Cayman Islands Private Investment Funds: 5 FAQs

5 minutes

Fund Managers are on the lookout for fund professionals advising on the appropriate fund jurisdiction for newly established Alternative Investment Funds (“AIFs”). Likewise, fund formation lawyers and fund advisors come across situations where an alternative jurisdiction can better address the needs of their clients.

Cayman Islands has been at the forefront of fund jurisdictions for hosting AIFs. We hereby provide the 5 more frequently asked questions in relation to Cayman private investment funds.

 

1. Is Cayman Islands an attractive domicile for PE/VC funds?

Cayman Islands remains the premier destination for internationally pooled capital. Emerging Fund Managers raise their first ever Cayman structure, while established fund managers raise successor funds with AuM of hundreds of millions. The value of assets under administration in the Cayman Islands is estimated to be several trillion $US dollars. According to some estimates, Cayman houses around 75% of global alternative asset flows. The most recent statistics from The Cayman Islands Monetary Authority (the regulator, hereafter referred to as “CIMA”) as of Q4 of 2022, reveal that Cayman had 15,854 total private funds (up 25% since 2020). Looking at total net asset value (NAV) for 2021, we see a YoY increase of 13.3% compared to an increase of 12.7% worldwide.
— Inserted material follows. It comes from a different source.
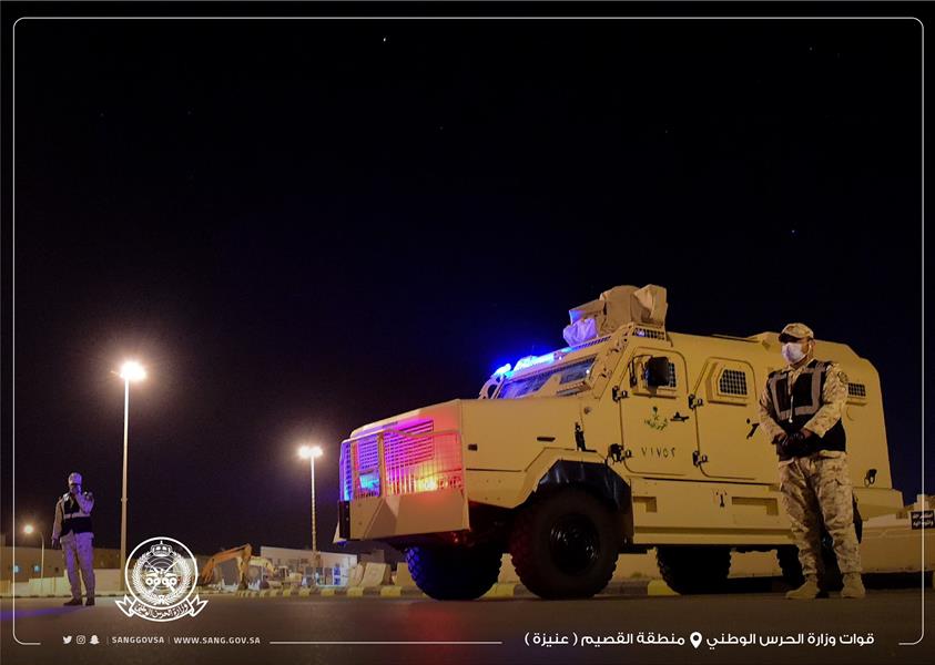 انتشرت قوات الحرس الوطني في شوارع مدينة عنيزة بمنطقة القصيم لتطبيق قرار منع التجول، للحد من انتشار فيروس “كورونا” المستجد.

2. What are the main benefits for launching a Cayman Islands fund?
To start with, Cayman Islands offer a supportive business environment with stable economic and political climate, absence of exchange controls, modern infrastructure and state-of-the-art communication systems. Another key benefit is that Cayman provide a lucrative banking environment, experienced regulator, sound legal framework and responsive government. Based on drafts published in consultation, CIMA is expected to update their governance rules and guidance for regulated funds in the Cayman Islands, following global best practices. Furthermore, Cayman is a tax neutral jurisdiction with no personal or corporation income taxes while there are no taxes on profits and gains from investments. And last but not least, there are no property taxes or controls on foreign ownership of property.


3. Can the General Partner/Investment Manager reside outside Cayman Islands?
There is no limitation for the investments decision makers to be domiciled in the Cayman Islands. As evidenced by CIMA statistics, 70% of non-US domiciled AIFs managed by US SEC-registered advisors are domiciled in Cayman. In fact, the top ten Cayman fund investment manager locations by NAV include the United States, Hong Kong, United Kingdom, Singapore, Brazil, Switzerland, Canada, Japan and Israel.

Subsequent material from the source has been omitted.